Il Convento di Santa Maria di Gesù o meglio i suoi resti archeologici, sono ancora oggi visibili. Si trovano in un’area adiacente la corsia destra (senso di marcia mare-monte) del Viale Giostra, nel Villaggio Ritiro, toponimo dato alla contrada sin dal XII secolo, epoca in cui i frati carmelitani, nello stesso luogo, su preesistenti terme romane, fondarono il loro convento, primo in Europa, con il titolo di Ecclesia di Santa Maria del Monte Carmelo). I resti della chiesetta, che oggi si possono ammirare, risalgono al 1855/56, in quanto un’alluvione del novembre del 1855, copri quella più antica risalente al 1166, fondata dai carmelitani. Questa chiesetta fu ricostruita su quella preesistente con le stesse misure (m30x8), mentre quella sottostante fu adibita a sepoltura (G. La Corte Cailler, La Chiesa di Santa Maria di Gesù Superiore, appendice alla Gazzetta di Messina, 20 marzo 1897). La chiesa e il convento con la venuta dei francescani, cambiano titolo in Santa Maria di Gesù, divenendo il primo di quell’ordine (osservanti) sorto in Sicilia. (“De origine seraphicae religionis Franciscanae eiusque progressibus, de Regularis observanciae institutione, forma administrationis ac legibus, admirabili eius propagation”.
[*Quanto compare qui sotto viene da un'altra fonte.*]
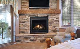 We added a Heat-n-Glo® gas fireplace. Along with the new stone facade and mantle, it adds warmth, interest, and beauty to their bedroom.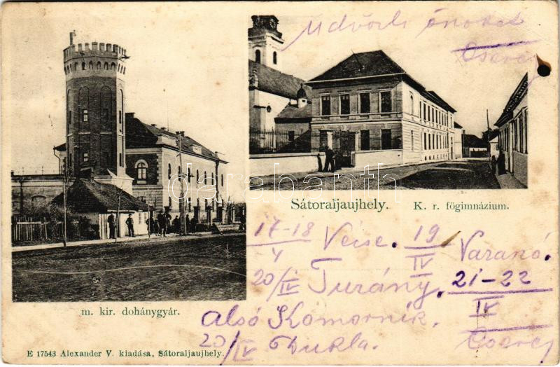 Sátoraljaújhely, M. kir. dohánygyár, K.r. főgimnázium. Alexander V. ki... https://www.darabanth.com/de/442-Fernauktion/442.0/Ansichtskarten/Ungarn~2000005/Satoraljaujhely-M-kir-dohanygyar-Kr-fogimnazium-Alexander-V-kiadasa-EB~II2909433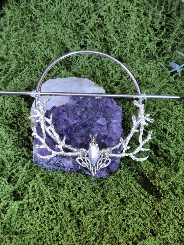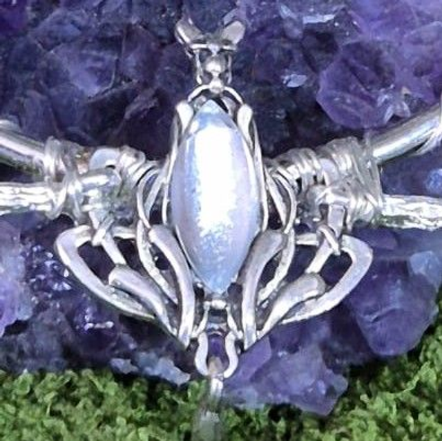 En son centre, une pierre de verre irisé capte la lumière avec des reflets changeants, évoquant les lueurs d’une lune voilée.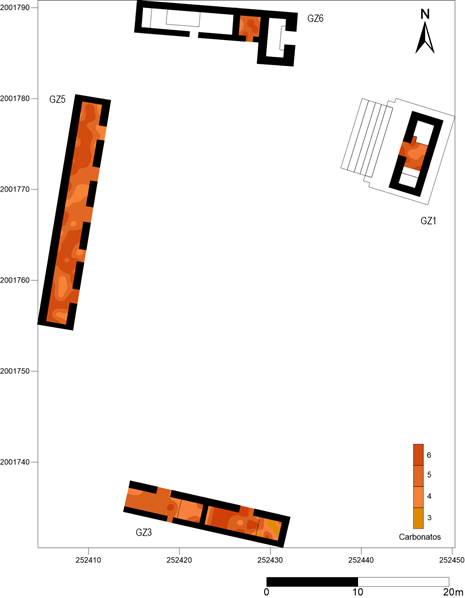 Los niveles de fosfatos en el área muestreada son en general bajos, a excepción de la entrada al templo y la parte norte de la estructura (Figura 16); asimismo podemos notar que, al igual que GZ5, presenta un piso con altas concentraciones de carbonatos (Figura 17), lo cual se puede explicar por su función ritual como templo y por las restringidas actividades que ahí se llevaban a cabo, lo que preservó el piso.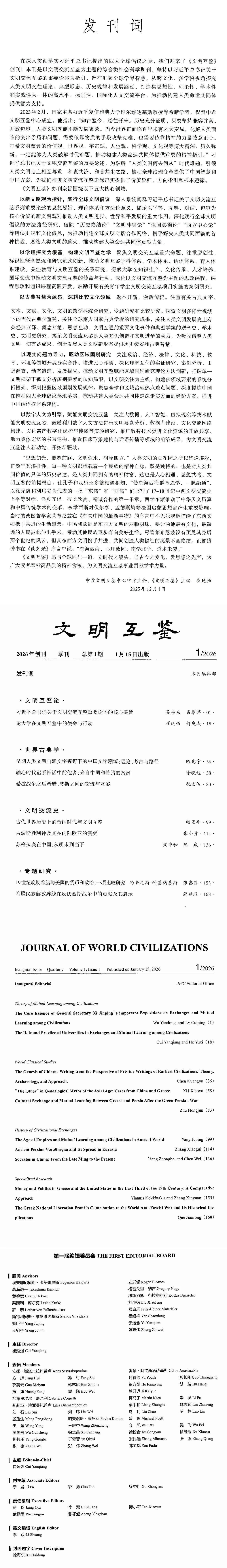《文明互鉴(中英文)》以习近平总书记关于文明交流互鉴的重要论述为根本遵循,聚焦五大核心办刊领域。其一,以新文明观为指针,深入阐释全球文明倡议的实践路径,破除各类错误史观和文化偏见;其二,以学理探究为根基,推动文明互鉴相关学科体系、学术体系等建设,关注教育与文明互鉴的深度融合;其三,以古典智慧为源泉,深耕比较文化研究,激活传统文明的当代价值;其四,以现实问题为导向,赋能区域国别研究,提炼中国参与全球治理的经验方案;其五,以数字人文为引擎,借助大数据、人工智能等技术为文明交流互鉴注入新动能。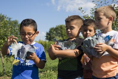 Curiosity stoked, the five-year-olds and their teachers move to the shade of a large tree to listen to a master gardener explain the role these butterflies play in gardens. The preschool class visits the community garden in Harvard, Illinois, USA, every Monday from spring to fall to learn about garden-related topics and even help out.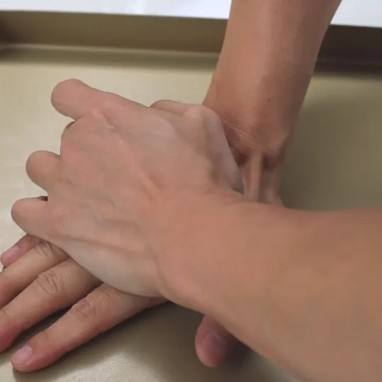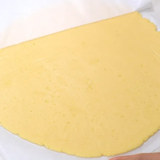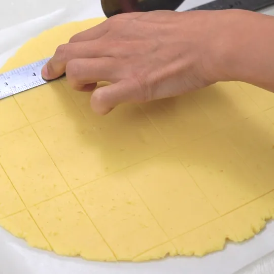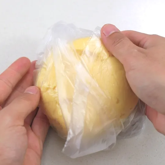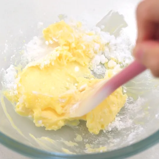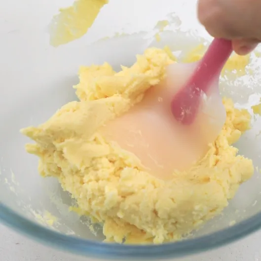 用刮刀切拌面糊,只要看不到干粉的状态就好了,如果你把面团捏光滑了,曲奇反而就不酥了。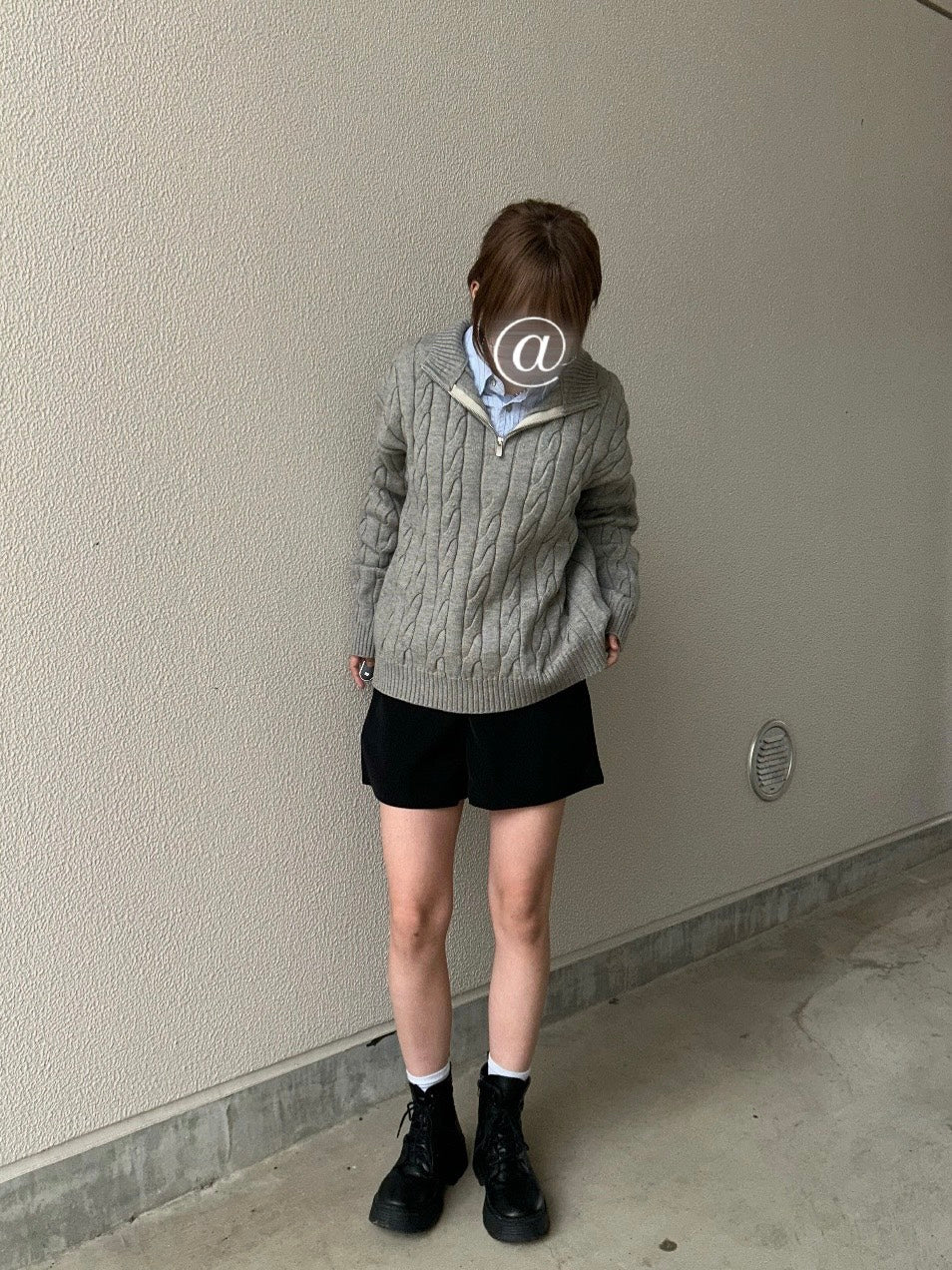 今日はあえて水色のシャツをレイヤードして、プレッピーに着こなすのがポイント。ジップを開けて襟をしっかり見せるのがマイルール。トップスにボリュームがある分、ボトムスは黒のショーパンでスッキリ。足元はゴツめのブーツで重さを出して、甘すぎないスクールガールスタイルの完成。

Il 16 novembre del 1863, una seconda alluvione, ancor più tragica della prima, coprì completamente questa seconda chiesa e i frati si spostarono nei locali già adibiti a refettorio. Qui, realizzarono la loro terza chiesa. Il luogo di culto mantenne il suo stile essenziale e sobrio dal 1166 fino al 1855, anno della prima alluvione e salvo alcuni aggiustamenti effettuati dai frati minori osservanti che si erano insediati nell’area nel 1418, non abbiamo notizie di rilievo dal punto di vista architettonico. I frati minori ebbero concessa la chiesa dalle suore cistercensi che, nel frattempo, si erano trasferite all’interno delle mura cittadine, nel monastero di Santa Maria dell’Alto (oggi, Montalto), ricevendo annualmente in cambio dai frati, due libbre e mezza di cera e un carro di agrumi. Frate Francesco Gonzaga, generale dei Frati dell’Osservanza, Roma 1587).
Nel 1463, i frati a seguito di una donazione, realizzarono un secondo convento più vicino alle mura della Città e chiamarono quest’ultimo Santa Maria di Gesù Inferiore (o maggiore, per la grandezza), per distinguerlo da quello più antico, adibito a noviziato. Questo secondo convento fu interamente distrutto dal terremoto del 1908. Le approfondite e diffuse ricerche effettuate, sia con la comparazione con moltissimi altri atti notarili, precedenti, coevi e successivi alla morte di Antonello, (notaio Mangianti, Pagliarini, Andriolo, ecc.) di personaggi messinesi (come il nobile Anzalone, famiglia Staiti, La Rocca, la stessa zia della Santa Eustochia, Paola Romano, ecc,) ci confermano l’identico luogo di sepoltura voluto dall’artista.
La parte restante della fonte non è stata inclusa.